Хмырь продолжал болтать и размахивать бумажкой.
Наконец он пожал плечами и поднялся. Он протянул руку и погладил ее по щеке. Она отшатнулась. Тогда он расправил бумажку и осторожно положил перед ней. Он ждал, ехидно улыбаясь.
Медленно, очень медленно ее глаза опустились на бумагу и застыли. Рука потянулась за ней, но его реакция была быстрее. Хмырь спрятал бумажку в карман, по-прежнему ухмыляясь. Он вынул блокнот, написал что-то, вырвал листок и положил перед ней. Это – пожалуйста.
Дама прочитала и спрятала листок в сумочку. Наконец она улыбнулась ему.
Для этого понадобилось немалое усилие. Он потрепал ее по руке и ушел.
Хмырь позвал носильщика и пошел с ним к автоматической камере хранения.
Оттуда выплыли легкий светлый чемодан и саквояж. Носильщик вынес их на стоянку и погрузил в багажник длинного двухцветного «бьюик-роудмастера».

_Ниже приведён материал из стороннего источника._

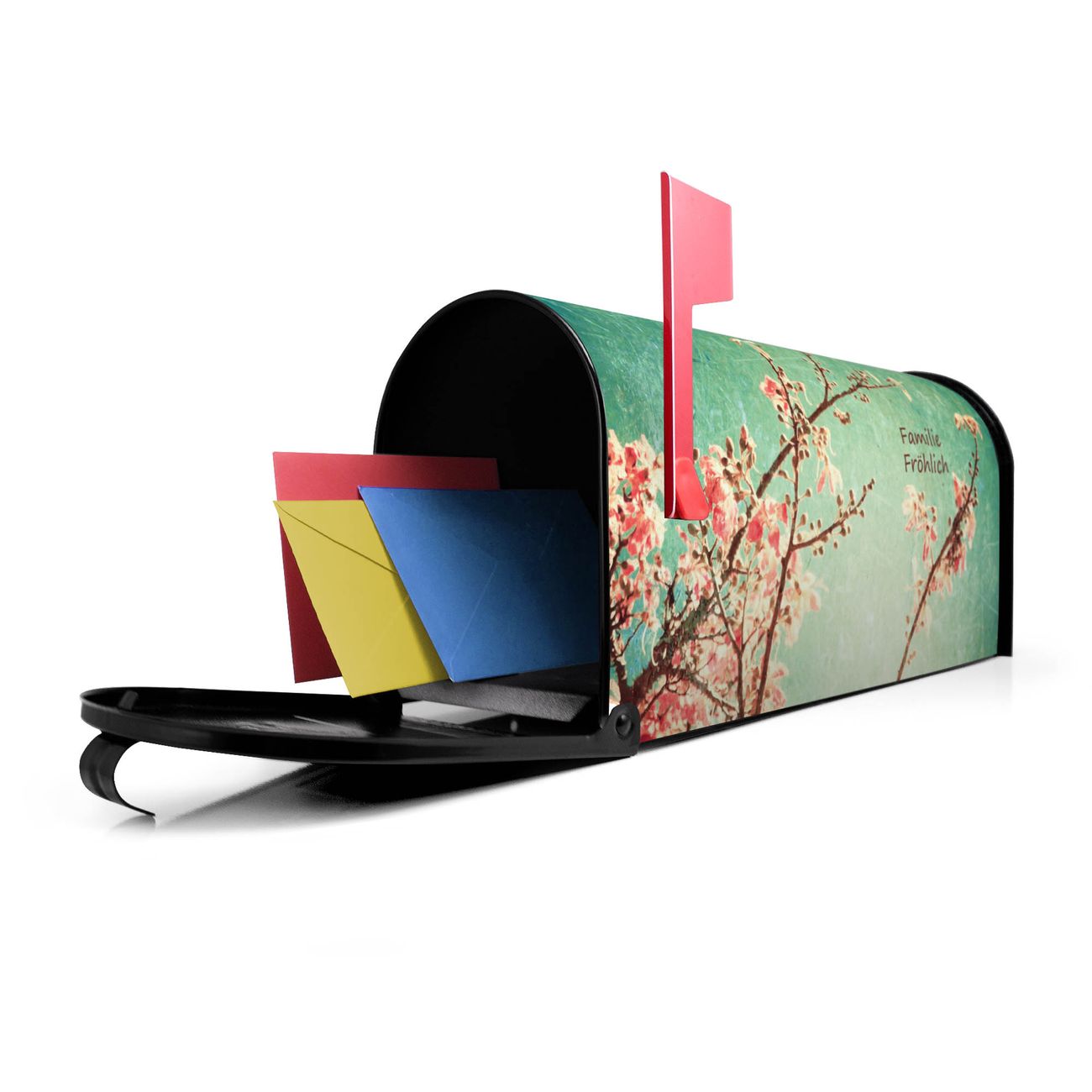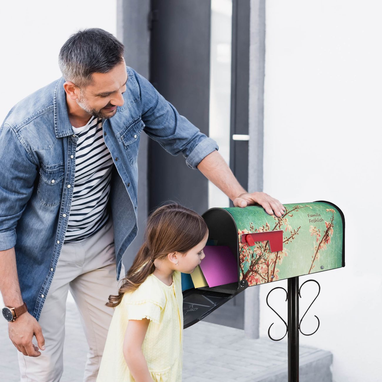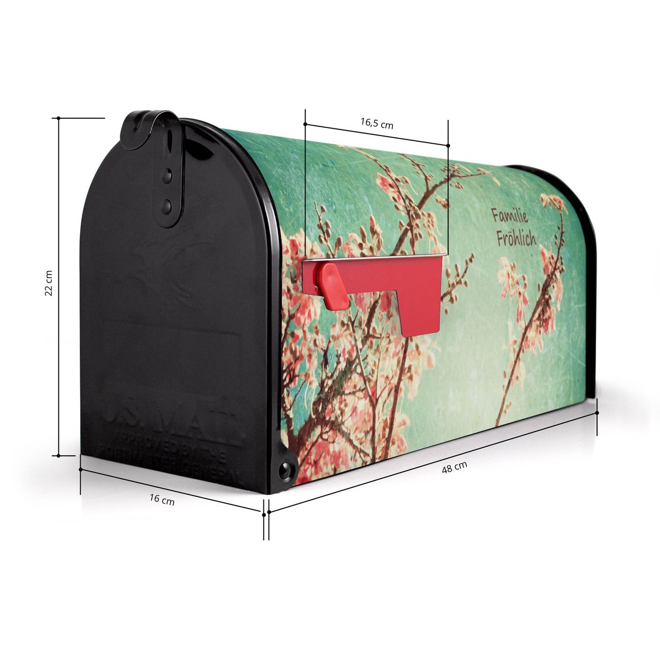 Der amerikanische Briefkasten von banjado mit Vintage Herbst Motiv bietet Ihnen ausreichend Fassungsvermögen, um große A4 Sendungen und Zeitschriften zu empfangen. Die typisch amerikanische rote Fahne zeigt Ihnen an, wenn Sie Post erhalten haben. Die US-Mailbox besteht aus verzinktem Stahlblech welches lackiert wurde und ist 48 x 22 x 16 CM (BxHxT) groß. Die Folie mit Motiv Vintage Herbst besteht aus einer wetter- und UV-resistenten Folie, die mit einem Schutzlaminat überzogen ist, sodass die US Mailbox zusätzlich vor Kratzern geschützt ist. An der Unterkante sind 4 Löcher je Seite um die Mailbox, typisch amerikanisch, an einem Holzpfahl oder einem Zaun zu befestigen. Auf Wunsch können Sie bei uns den passenden Standfuß oder die passende Wandhalterung kaufen um die US-Mailbox sicher zu befestigen. Wir bieten Ihnen ebenfalls Namensschilder, bereits beschriftet oder frei zu beschriften, und verschiedene selbst gestaltete Bitte-Keine-Werbung-Aufkleber.

Носильщик получил на чай и ушел.
Хмырь в спортивном пиджаке сел за руль и дал задний ход, приостановился, чтоб прикурить и нацепить солнечные очки, врубил полный газ и исчез. Я записал номер автомобиля и двинул обратно на вокзал.

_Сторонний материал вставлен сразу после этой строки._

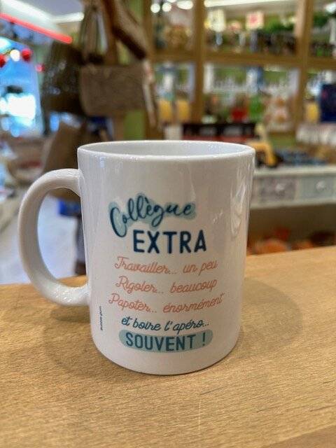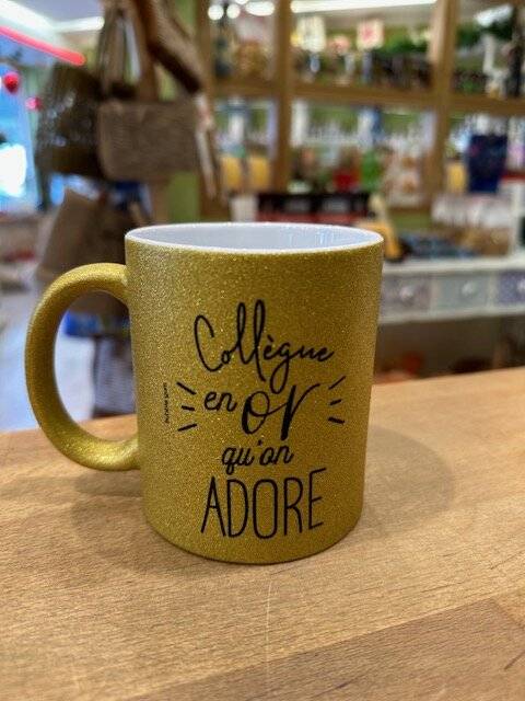 Qui ne rêve pas d’une tasse paillette avec l’inscription « collègue en or qu’on adore » ? ou encore « collègue extra », « mug de mon collègue trop cool » , « mug de ma collègue adorable ».

Следующий час тянулся так медленно, что, казалось, он длился часа три.
Женщина вышла из кафе и сидела с раскрытым журналом в руках в зале ожидания.
Сосредоточиться ей не удавалось. Она то и дело возвращалась к предыдущей странице, а то и вовсе не читала, просто смотрела в никуда. Я следил за ней из-за газеты и строил разные гипотезы, просто чтоб убить время.
Хмырь, судя по чемоданам, приехал сюда на поезде. Возможно, на том же поезде, что и она. Возможно, именно он сошел с беспересадочного вашингтонского вагона. Она показала достаточно ясно, что он ей на дух не нужен, а он – что это поправимо, и если она глянет на его бумагу, то живо передумает. Фокус удался. Почему он не провернул это дело в поезде? Ясно, что у него не было с собой этой бумажки.
Женщина резко встала, пошла к газетному киоску и вернулась с пачкой сигарет в руках. Она надорвала пачку и прикурила сигарету, делала она это неловко, явно с непривычки, и при этом весь ее облик менялся на глазах, становясь каким-то нарочито вульгарным. Я глянул на стенные часы. Десять сорок семь. Я вернулся к своим гипотезам.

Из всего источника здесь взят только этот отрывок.